In this embodiment, the design is optimised if test structures in each array are spaced with a repeat distance, and in particular a constant periodicity, of two to three structure widths, in particular around two, i.e. so that the spacing between test structures is the same as the width of an individual structure.

In both of the foregoing principal embodiments, the overlay metrology mark comprised of the first and second mark portions is preferably so located in use that the centroid of the overall mark corresponds generally to the optic axis of the imaging apparatus. Other patterns which also conform to this general principal are also likely to be preferred as embodiments of the present invention.

The test structures making up the array comprising each mark portion may be laid down by any suitable technique known to those skilled in the art, in particular the photolithographic techniques above described.

In a preferred embodiment a recognition key is provided for use in association with an overlay mark as hereinbefore described. In accordance with the embodiment an identification portion is provided in association with a first mark portion, comprising a simple optically readable mark divided into a small number of pattern areas in each of which areas a marking may be present or absent, the pattern of such markings providing a unique identification key so as to serve to identify the first mark portion.

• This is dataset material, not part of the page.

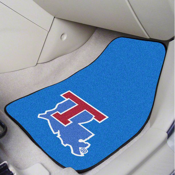 Description. Front Car Mats; 2-Pc Carpet Car Mat Set; Louisiana Tech University; 17"X27"

An identification portion in accordance with the invention is associated with the alignment mark and gives a simple digital identification of the alignment mark, ensuring the correct mark is selected. The identification portion thus acts as a pattern recognition key.

A similar identification portion may be associated with other marks on a wafer, whereby the embodiment of the invention comprises an overlay metrology mark system for the whole wafer ensuring the correct marks are selected at all times. The probability of locating the wrong overlay metrology mark can be reduced by varying the pattern in adjacent marks, increasing the distance to a potentially confusing pattern recognition key.

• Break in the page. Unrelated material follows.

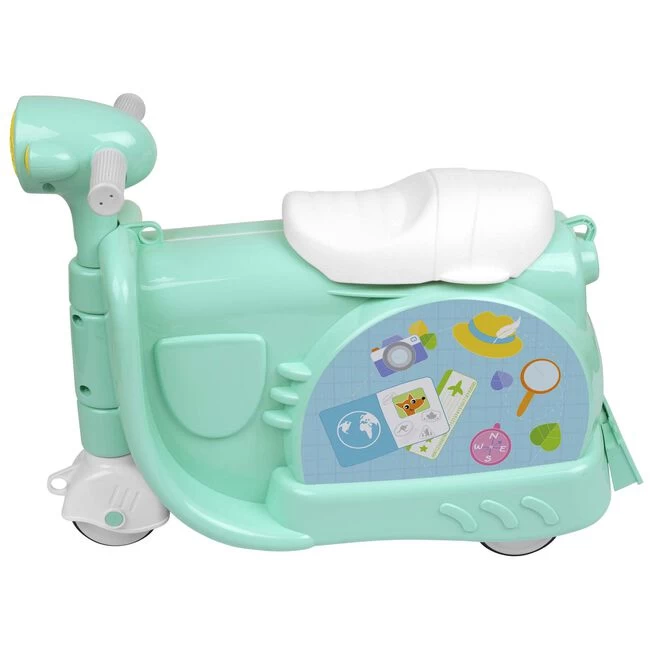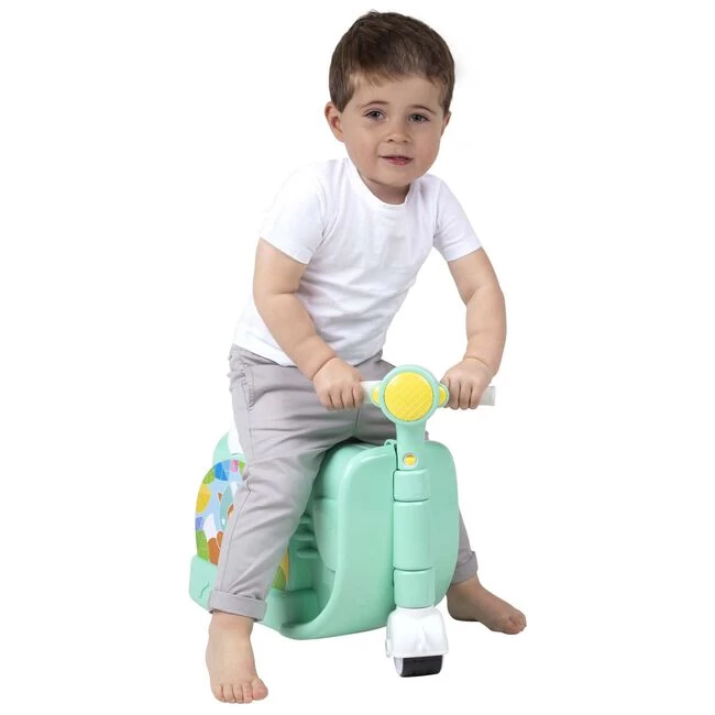 Deze reiskoffer brengt het beste van plezier en functionaliteit samen. Dit prachtige meerijd Vespa ontwerp is voorzien van een voorgevormde zitting, makkelijk vast te grijpen stuur, drie rubberen wielen voor minder geluid op de vloer en een handige afneembare draag/trekband met verstelbare gesp. Wanneer de riem correct aan de voorkant van de koffer wordt bevestigd, kan deze worden gebruikt om een kind tot 5jaar mee te trekken, in de meerijdmodus. Wanneer u uw bestemming bereikt, opent de koffer op scharnieren en onthult een royale opslagcapaciteit van 0,3m³ voor uw peuters benodigdheden, compleet met handige elastische riemen binnenin om de inhoud veilig te houden. Van wachtrijen op het vliegveld tot logeren bij grootouders, deze vespa reiskoffer verandert de reisbeleving van saai naar geweldig!

In particular, the identification portion is laid down with the first mark portion, for example at the same time and for example on the same layer. The identification portion is conveniently located proximal to the first mark portion, for example comprising a part thereof.

The recognition key comprises a simple pattern exhibiting a small number of discrete alternative shapes to give a digital identifier. The pattern is adapted to be optically readable by standard imaging equipment at the same time as the primary alignment mark is imaged, requiring no major equipment modification and only minimal modification to image analysis. The recognition key is preferably laid down by the same process as the primary mark, for example employing photolithographic techniques. However, the pattern making up the recognition key is designed to be optically imaged for recognition purposes only, and not for determination of alignment differences. The structure can accordingly be made from structural element(s) which optimise this aspect, and might therefore be substantially larger than the structures making up the primary alignment mark.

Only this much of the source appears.